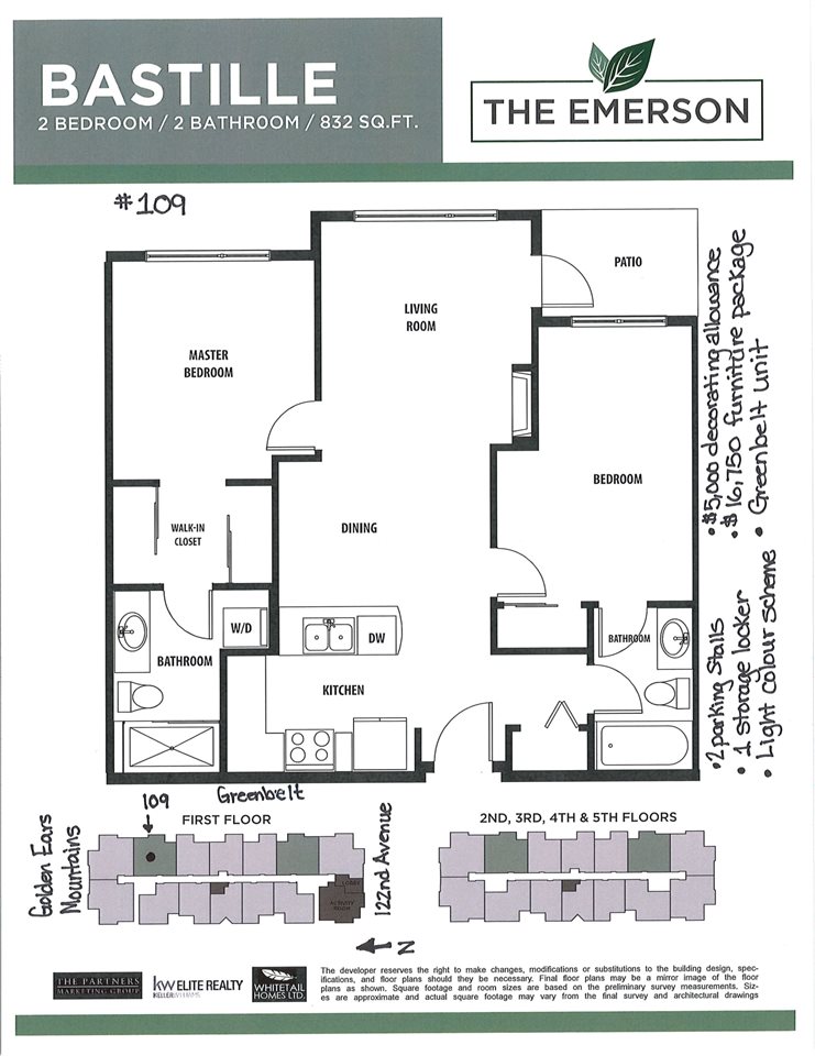 The Emerson is an elegant new condo built with quality craftsmanship located near a greenbelt, rivers, lakes, parks and downtown Maple Ridge. Close to shops, restaurants, and fitness/community centre. This unit is has modern finishing’s including: stainless steel appliances, Italian granite, laminate flooring, air conditioning, 2 parking stalls ,storage locker. and comes with spacious patios. Unit comes with 2 parking stalls and a light colour scheme. Estimated Completion Spring 2019. Unit comes fully furnished ($16,750) and a $5,000 decorating allowance.
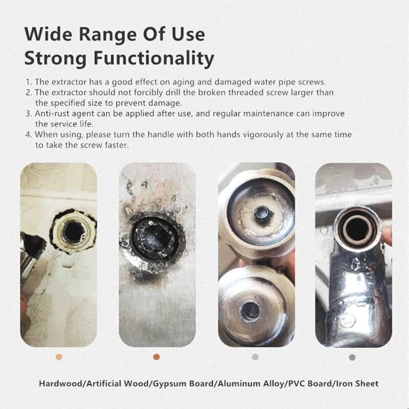 Description: - 100% brand new and high quality - Made of high quality material, durable and practical to use - Used to remove damaged, rusted or peeling screws, bolts, fasteners. - Made of high-quality materials, strong claw force. - Suitable for large diameter pipes such as 1/2 inch and 3/4 inch. - Versatile, also suitable for ordinary screw removal. - It can be used to remove and clean broken wires in pipeline maintenance. Specifications: Material: Carbon Steel Colour: Black Size: 1/2 ", 3/4"(Approx.) Suitable: Hardwood/Artificial Wood/Gypsum Board/Aluminum Alloy/PVC Board/Iron Package Included: 1 Set of Pipe Damaged Screw Extractors packing :1pc
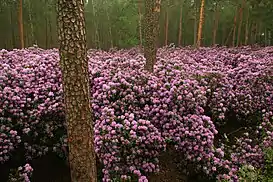 - 'Catawbiense Grandiflorum' Waterer A. (Knap Hill), до 1850 года). Достоверной информации о происхождении нет. Либо растение отобрано среди видовых сеянцев, либо является результатом гибридизации. В десятилетнем возрасте высота куста около 120—180 см. Соцветия шарообразные, сплюснутые, несут 12—19 цветков. Цветки цвета лаванды, с жёлто-красными отметинами. Тычинки фиолетово-коричневые. Аромат отсутствует. Выдерживает понижения температуры воздуха до −26…-32 °С[16][17]. В условиях умеренно-континентального климата зимостоек.[18].
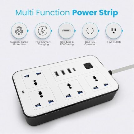 Electricity Joint & Connector (6 AC Ports + 3 USB Ports + 1 Type-C)(634) is designed for modern homes and offices, ensuring you have enough power outlets for all your devices while maintaining safety and convenience.

*Assignment*: Please repeat, exactly as written, only the lines from the line with "Description: - 100%" to the end of the data, leaving out every picture.

*Response*:
 Description: - 100% brand new and high quality - Made of high quality material, durable and practical to use - Used to remove damaged, rusted or peeling screws, bolts, fasteners. - Made of high-quality materials, strong claw force. - Suitable for large diameter pipes such as 1/2 inch and 3/4 inch. - Versatile, also suitable for ordinary screw removal. - It can be used to remove and clean broken wires in pipeline maintenance. Specifications: Material: Carbon Steel Colour: Black Size: 1/2 ", 3/4"(Approx.) Suitable: Hardwood/Artificial Wood/Gypsum Board/Aluminum Alloy/PVC Board/Iron Package Included: 1 Set of Pipe Damaged Screw Extractors packing :1pc
 - 'Catawbiense Grandiflorum' Waterer A. (Knap Hill), до 1850 года). Достоверной информации о происхождении нет. Либо растение отобрано среди видовых сеянцев, либо является результатом гибридизации. В десятилетнем возрасте высота куста около 120—180 см. Соцветия шарообразные, сплюснутые, несут 12—19 цветков. Цветки цвета лаванды, с жёлто-красными отметинами. Тычинки фиолетово-коричневые. Аромат отсутствует. Выдерживает понижения температуры воздуха до −26…-32 °С[16][17]. В условиях умеренно-континентального климата зимостоек.[18].
 Electricity Joint & Connector (6 AC Ports + 3 USB Ports + 1 Type-C)(634) is designed for modern homes and offices, ensuring you have enough power outlets for all your devices while maintaining safety and convenience.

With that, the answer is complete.